# Char-broil Electric Smoker



## wwinflorida (Apr 12, 2007)

I used my Char-broil smoker for the 2nd time this week and the paint started to peel off the inside of the barrell and the lid.  Has this happened to anyone else?  I wasn't too worried about it but it started to rust where the paint peeled off immediately afterward.


----------



## larry maddock (Apr 12, 2007)

IT WAS THE 3RD SMOKE 
	

	
	
		
		



		
			






I NOTICED THE PEELING


----------



## wwinflorida (Apr 13, 2007)

I sprayed it with vegetable oil hoping that would slow down the rust process and maybe season it like my cast iron but I am not sure if that is going to work.  How long have you been using yours?


----------



## larry maddock (Apr 13, 2007)

right at 3 yrs

i luv my char-broil h2o electric smoker...


----------



## dodgefather1 (Apr 15, 2007)

I just purchased a char-broil elec. smoker.  Can someone tell me if the thermostat is controlled?  I used it fot the first time today and never did get very hot but I noticed the light kept going off?  Thanks


----------



## larry maddock (Apr 16, 2007)

my unit turns off at 246 f---
the light goes out when rheostat is off..

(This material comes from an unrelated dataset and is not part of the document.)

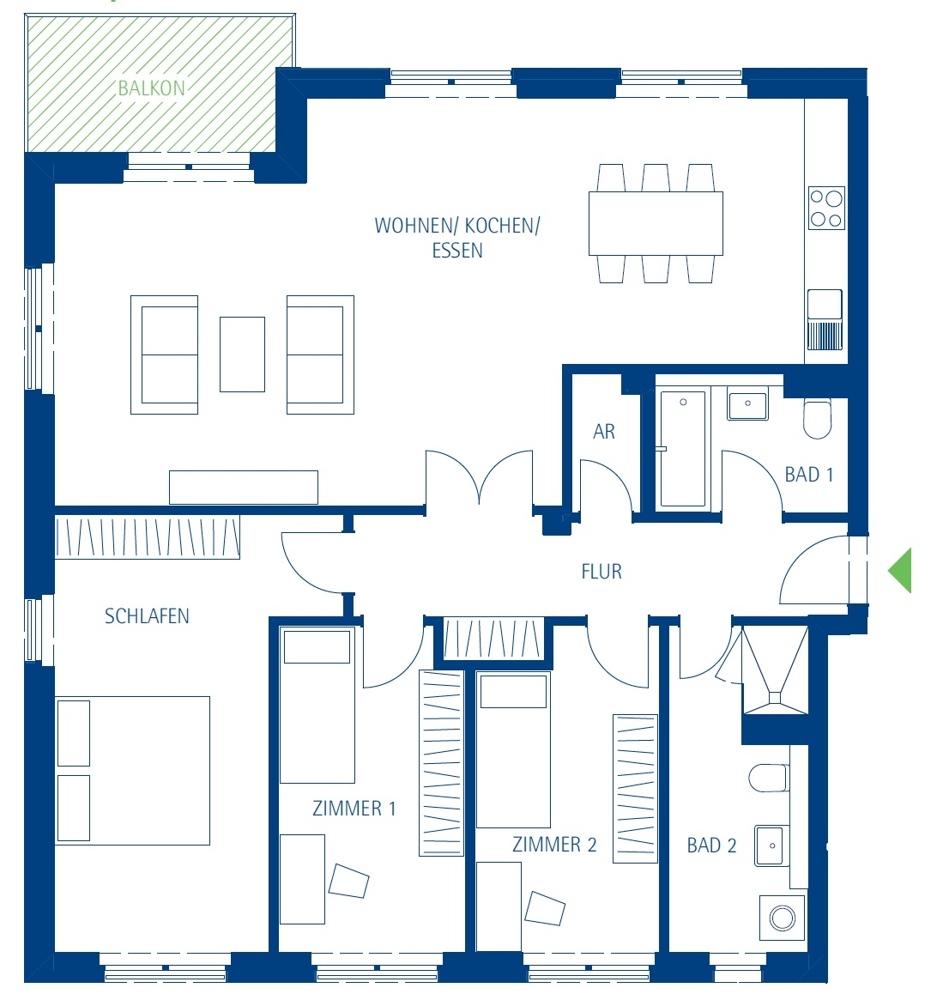 Lindenauer Hafen - Hafenstraße 13 (Haus 4, EG WE 1)Die helle 4-Zimmer-Wohnung befindet sich im Erdgeschoss des neu erbauten Wohnparks AQUA LindHa (Fertigstellung 2018) im Leipziger Westen. Genießen Sie hier die Qualität eines Erstbezugs mit allen Vorteilen des modernen Wohnens. Offene helle Wohnräume mit modernen Parkettböden und Fußbodenheizung. Weiterhin verfügt die Wohnung über zwei separate Badezimmer. Der offene Küchenbereich und der große Balkon machen diese schöne Wohnung auch komplett.Natürlich gehört auch ein separates Kellerabteil und ein Stellplatz in der Tiefgarage (75,00€ monatlich) mit zur Wohnung.Die gezeigten Bilder sind Referenzbilder aus einer identischen Wohnung im 3.Obergeschoss.Ausstattung

i have written a review on this unit..
its at bottom of  the welcome forum  main page.

the one that come up when i log in


----------



## wwinflorida (Apr 16, 2007)

The rheostat and the light do go off when the smoker reaches a set temperature and comes back on as the smoker cools .  I am not sure how hot mine gets - the thermometer I use to regulate temperature only goes to 220 but the guage on top seems to be inaccurate.  It stays just below ideal when the needle on my thermometer passes 220.  I am thinking about buying another guage and putting it into the side of the unit.

I used mine last night to smoke a Turkey breast, a couple of legs and some corn.  I smoked the meat for about 3.5 hours and I put the corn in for 1.5 hours using the recipe in here.  It came out great!


----------